The correct answer is Choice B: Bay. Having
GRAMMAR CONCEPT APPLIED
Recognizing When Two Complete Thoughts Need Separate Sentences
When you have two complete thoughts (called independent clauses in grammar terms) that each have their own subject and verb, you need to separate them properly. The clearest way is often to use a period and create two sentences:
Pattern:
- First complete thought: The experiment succeeded.
- Second complete thought: Having run for six months without issues, the project earned widespread acclaim.
Even though the second sentence begins with a descriptive phrase ("Having run for six months without issues"), it still contains a complete thought with its own subject ("the project") and main verb ("earned").
Why this applies to our question:
- First sentence: "On July 23, 1854, a clipper ship called the Flying Cloud entered San Francisco Bay."
- Subject: a clipper ship called the Flying Cloud
- Verb: entered
- Complete thought
- Second sentence: "Having left New York Harbor under the guidance of Captain Josiah Perkins Creesy and his wife, navigator Eleanor Creesy, a mere 89 days and 8 hours earlier, the celebrated ship set a record that would stand for 135 years."
- Introductory descriptive phrase: "Having left New York Harbor... 89 days and 8 hours earlier"

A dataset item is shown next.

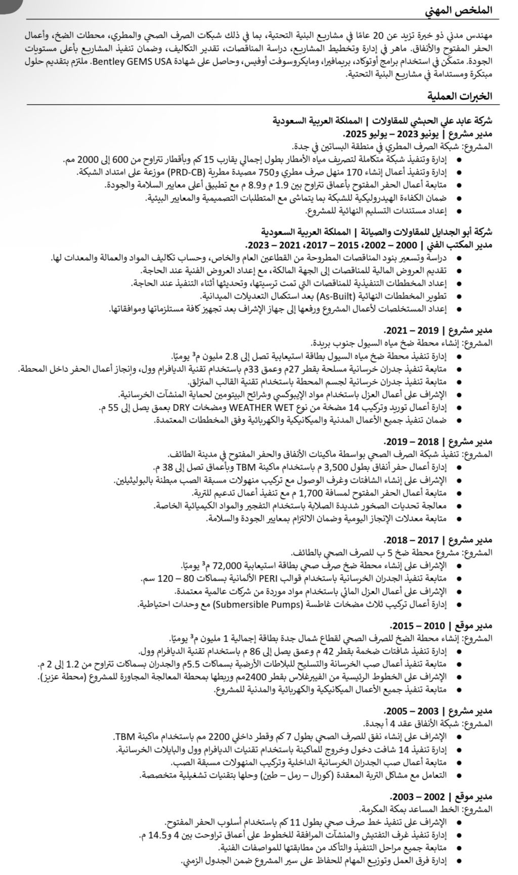 مهندس مدني مدير مشروع حاصل على شهادة PMP خبرة أكثر من 15 سنة، في البنية التحتية (صرف صحي، صرف مطري، محطات رفع - حفر مفتوح) وأيضا مدير مكتب فني قسم الدراسات خبرة واسعة في دراسة المناقصات) الموقع الحالي جدة معتمد في شركة المياه الوطنية

- Subject: the celebrated ship
- Verb: set
- Complete thought
Both sentences can stand independently, so they need proper separation with a period.
Bay and having
✗ Incorrect
This creates faulty parallelism. The structure "entered... and having left" doesn't work grammatically because "entered" is a simple past tense verb while "having" is part of a participial phrase. If we wanted to use "and" here, we'd need two matching verb forms, like "entered... and left." But even then, we'd have a problem because "the celebrated ship set a record" would create a run-on sentence.
Bay. Having
✓ Correct
Correct as explained in the solution above.
Bay, having
✗ Incorrect
This creates a comma splice. Using just a comma here leaves us with: "...entered San Francisco Bay, having left New York Harbor... a mere 89 days and 8 hours earlier, the celebrated ship set a record..." The phrase "the celebrated ship set a record" is a complete, independent thought that can't just be attached to the previous clause with commas. We need a stronger separation.
Bay having
✗ Incorrect
This creates a run-on sentence. Without any punctuation, the sentence runs together multiple complete thoughts without proper separation. Like Choice C, this fails to properly separate "the celebrated ship set a record" from the earlier parts of the sentence.